= David B. Weiner =

David B. Weiner is an American Biomedical researcher at The Wistar Institute in Philadelphia, where he serves as executive vice president and director of the Vaccines and Immunotherapy Center. Weiner also holds the titles of WW Smith Distinguished Chair in Cancer research and professor emeritus, Perelman School of Medicine at the University of Pennsylvania.

== Biography ==
Weiner is from Brooklyn, NY, and graduated with a B.S. in biology from SUNY at Stony Brook, NY. He earned both his M.S. in Biology and PhD in development biology from the University of Cincinnati.

Weiner is regarded as one of the founders of the field of DNA vaccines and detailed many of the initial properties of the technology. His laboratory described DNA vaccine technology as an approach to HIV vaccine development and for the immune therapy of cancer, and in 1998, Weiner and his associates were the first to move DNA Vaccines into human clinical trials. The Weiner laboratory also reports on adjuvant effects in vaccination protocols by targeting the checkpoint inhibitor pathways, among others.

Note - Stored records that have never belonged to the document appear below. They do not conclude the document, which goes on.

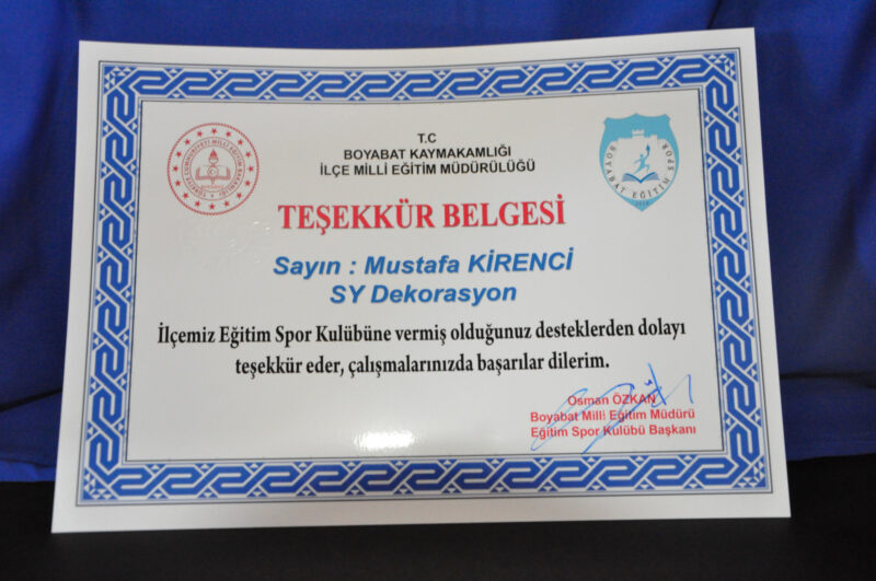 Boyabat Eğitim Spor kulüp başkanı İlçe Milli Eğitim Müdürümüz Sayın Osman ÖZKAN ve kulüp genel koordinatörü Erdoğan ACAR kulübümüze desteklerinden dolayı sponsorumuza teşekkürlerini sundular.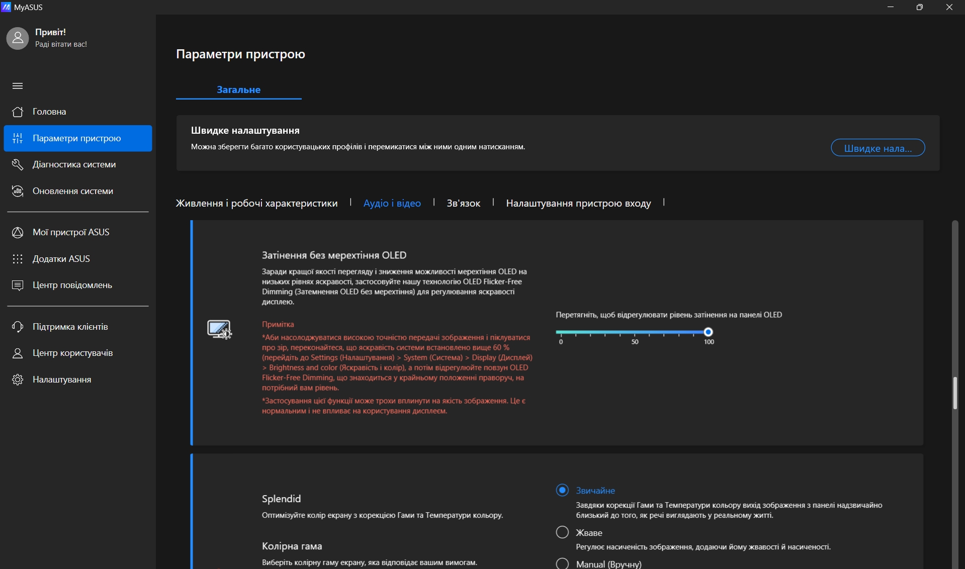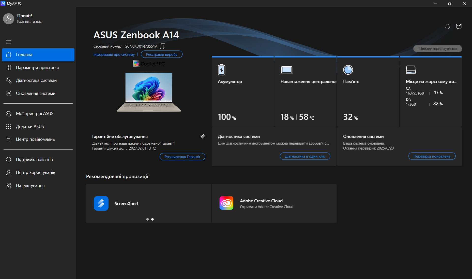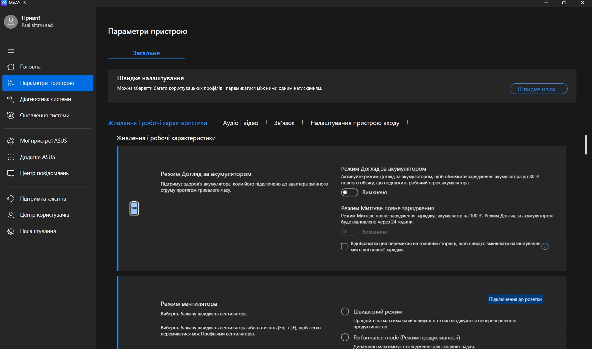 Основным приложением для большинства настроек ноутбука является MyASUS. Есть настройки системы охлаждения, производительности, ухода за аккумулятором (неполная зарядка для продления срока службы), диагностика оборудования, настройки дисплея, микрофонов, динамиков, шумоподавление на основе ИИ, автоматическая яркость, обновление системы и т.д.
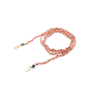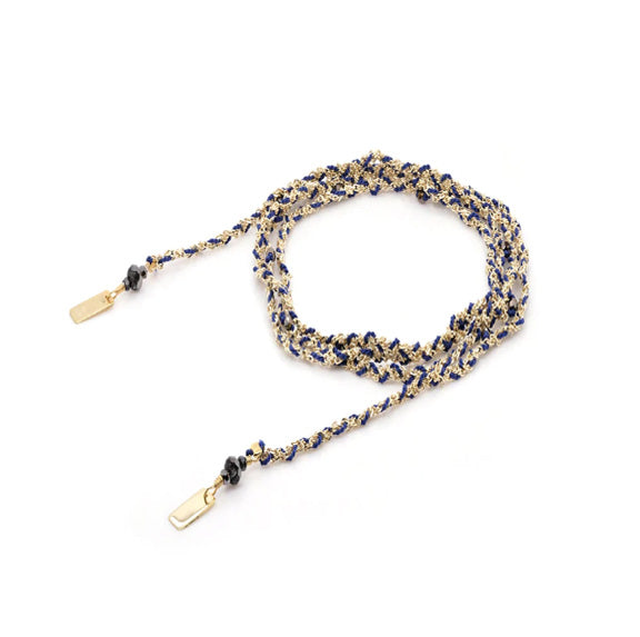 From Marie Laure Chamorel, this this iconic hand-braided open necklace with forçat Sterling silver chains and twisted silk yarn encrusted with tiny crystal beads. All parts are dipped in yellow gold.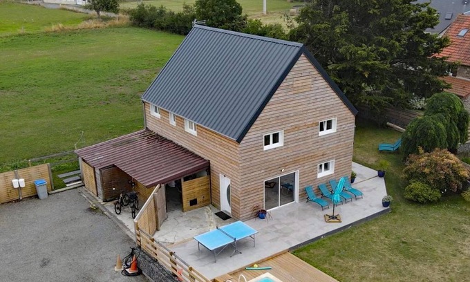 House 1 "La Planche": Living room with pellet stove (TV, internet, bar foosball table). Dining room. Fully equipped kitchen. Shower room with toilet. Upstairs, bedroom 1 (queen-size bed), bedroom 2 (queen-size bed), bedroom 3 (queen-size bed), dressing room between bedrooms 2 and 3, bathroom with toilet. Electric heating + pellet stove.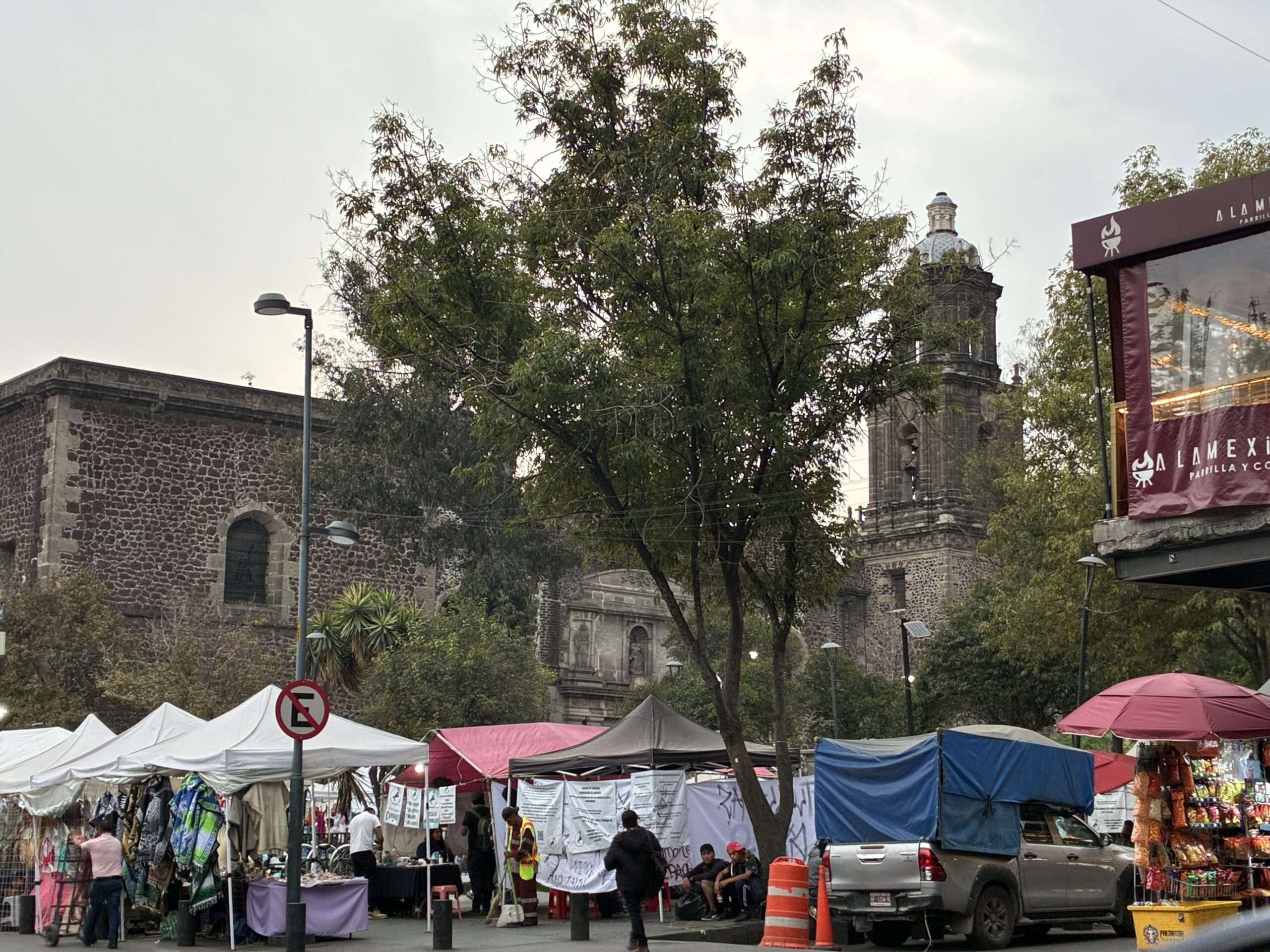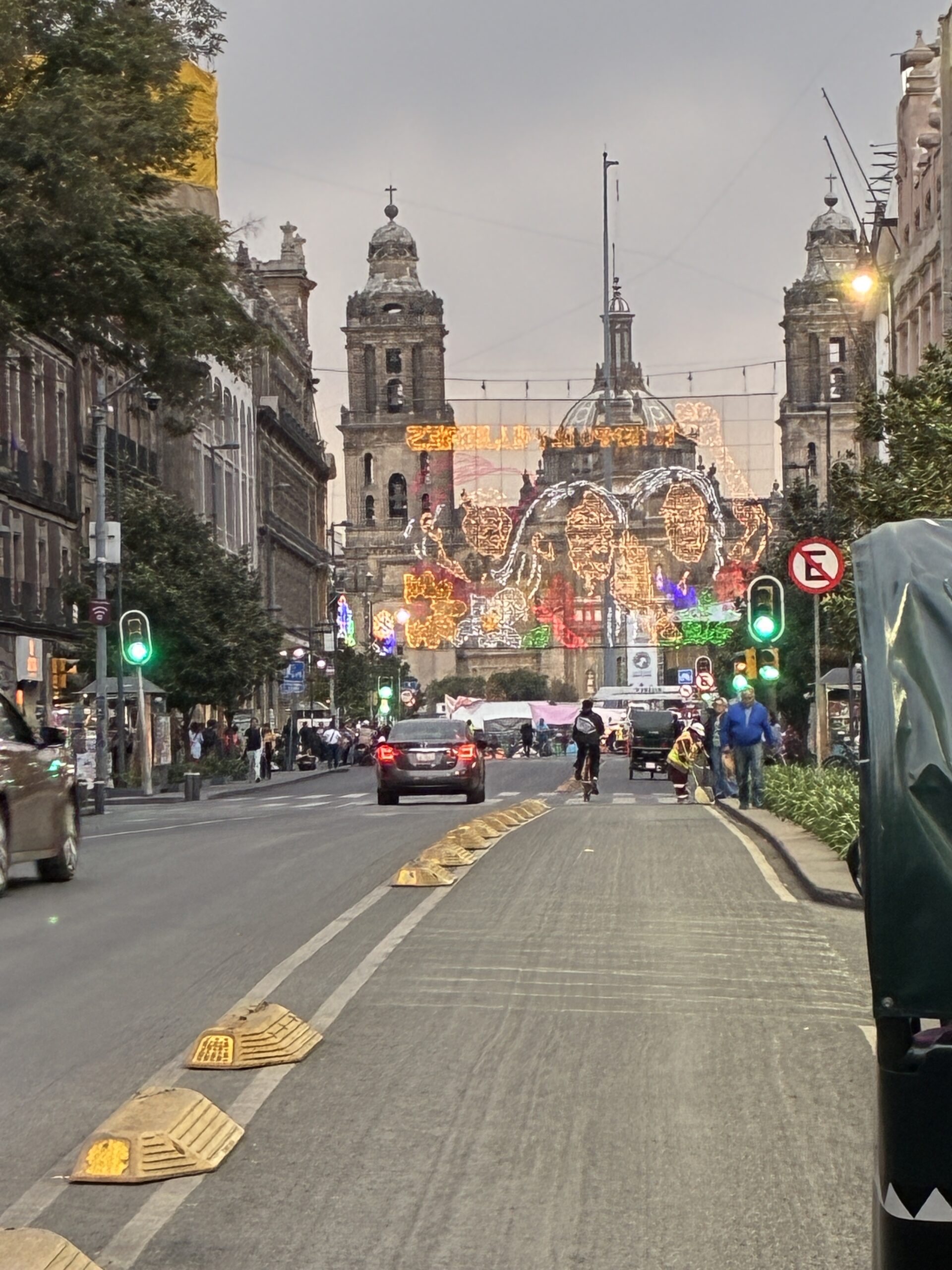The buildings are beautiful and from an age gone by (aside from the fact that some are sinking), and the buildings on the south and west sides of the plaza are hung with political messages, and remain from the Women’s March last week. These marches can result in violence and vandalism, and like Oaxaca, where I was last week when the Women’s March took place, there are high metal barricades protecting property and landmarks all over the city, not yet taken down.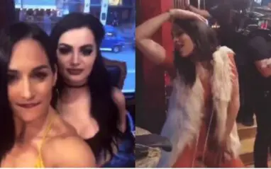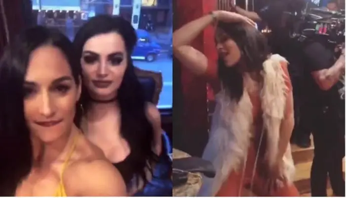 The Bella Twins and Paige played some billiards and it looks like they drank plenty of wine too. As you can see from their Instagram stories, they were obviously being filmed by more than just a cell phone because a camera crew was in the house as well.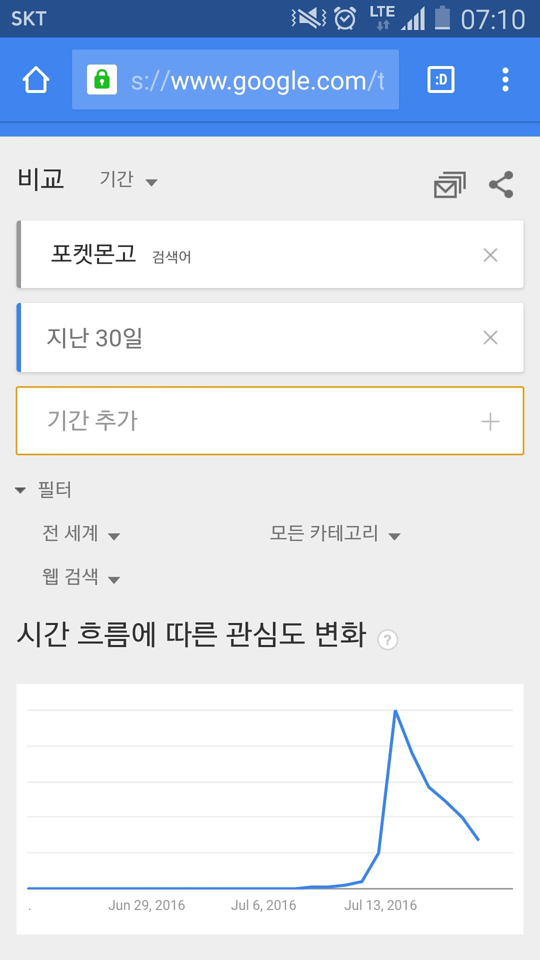 컨텐츠라고 시작되었지만 세계관이라는 표현도 서슴없이 하고 있다. 데이터네이버랩스와 구글트랜드에서의 한달간 포켓몬 고의 빈도를 볼 수 있다.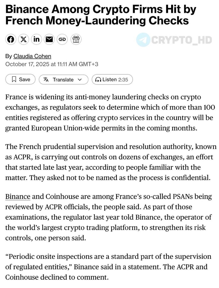 ❌🇫🇷 Bloomberg: Binance – одна из криптовалютных компаний, подвергшихся проверкам франзуских регуляторов на предмет отмывания денег.
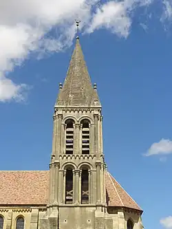 Le clocher roman bâti vers 1130-1140 comporte deux étages de baies et une flèche octogonale en pierre, cantonnée de quatre pyramidons sur plan carré qui assurent la transition du plan carré au plan octogonal. La base, dont l'intérieur a déjà été décrit, est épaulé par deux contreforts carrés par angle. En haut du rez-de-chaussée, les contreforts se retraitent par des glacis, et deviennent plats pour les derniers décimètres. Ils sont également visible aux angles nord-ouest et nord-est, ce qui a suscité l'hypothèse qu'il était conçu pour rester hors œuvre. Pourtant les contreforts ne s'aperçoivent pas de l'intérieur de l'église. Comme d'accoutumée, la base est d'une facture assez sobre, ce qui crée un contraste avec les étages qui bénéficient d'une riche ornementation. La baie en plein cintre côté sud est toutefois pourvue d'une archivolte torique surmonté d'un cordon de têtes de clou retombant sur de petites têtes grimaçantes, et elle s'ouvre entre deux colonnettes à chapiteaux, dont les hauts tailloirs sont trois fois plus larges que nécessaire. Afin de faire paraître la fenêtre plus grande qu'elle ne l'est, les colonnettes et l'archivolte prennent du recul par rapport à l'ouverture. Le rez-de-chaussée se termine par un bandeau mouluré, qui le sépare du premier étage. Ce bandeau incorpore les contreforts qui sont plats à ce niveau, avant de se transformer en bases pour les contreforts-colonnes du premier étage. En haut de cet étage, les colonnes se transforment de niveau en contreforts plats et se fondent dans la corniche beauvaisine, qui ici ne comporte pas d'arcatures. Cette solution de raccorder les contreforts à la corniche a été saluée par plusieurs auteurs. Une corniche beauvaisine se compose de petites arcatures plein cintre, qui retombent sur des corbeaux sculptés en masques, et qui sont subdivisées chacune dans deux arcatures plus petites. Ce type de corniche est répandu dans le Beauvaisis, dans le Vexin français et dans la moyenne vallée de l'Oise entre 1120 et 1200 environ. Une arcature de corniche a été disposé entre le contrefort et l'angle de la tour, et un mascaron occupe exactement l'angle. Ici l'architecte a également fait preuve d'adresse. Sauf en haut de l'étage, les angles du clocher sont par ailleurs agrémentés de fines colonnettes appareillées. Contreforts-colonnes, corniche beauvaisine et colonnettes d'angle se retrouvent de façon identique au niveau du second étage, qui ne se distingue guère que par son diamètre légèrement réduit (huit au lieu de neuves arcatures de corniche trouvent leur place entre les colonnes), et par certains motifs des chapiteaux[6],[25],[26].

Weiner has served as the president of International Society for Vaccines (2018-2020), and as chair of the Gene therapy and Vaccine Training Program at the University of Pennsylvania from 2004 to 2016, before joining the Wistar Institute. He and his lab had a cameo appearance in the 1993 movie Philadelphia starring Tom Hanks.

== Research ==
Weiner's research focuses on translational applications of molecular immunology. His early work developed monoclonal antibodies as therapeutics targeting tumors and infections, and the lab continues to pursue nucleic acid vaccines and immunotherapies. The lab has been involved in several clinical trials.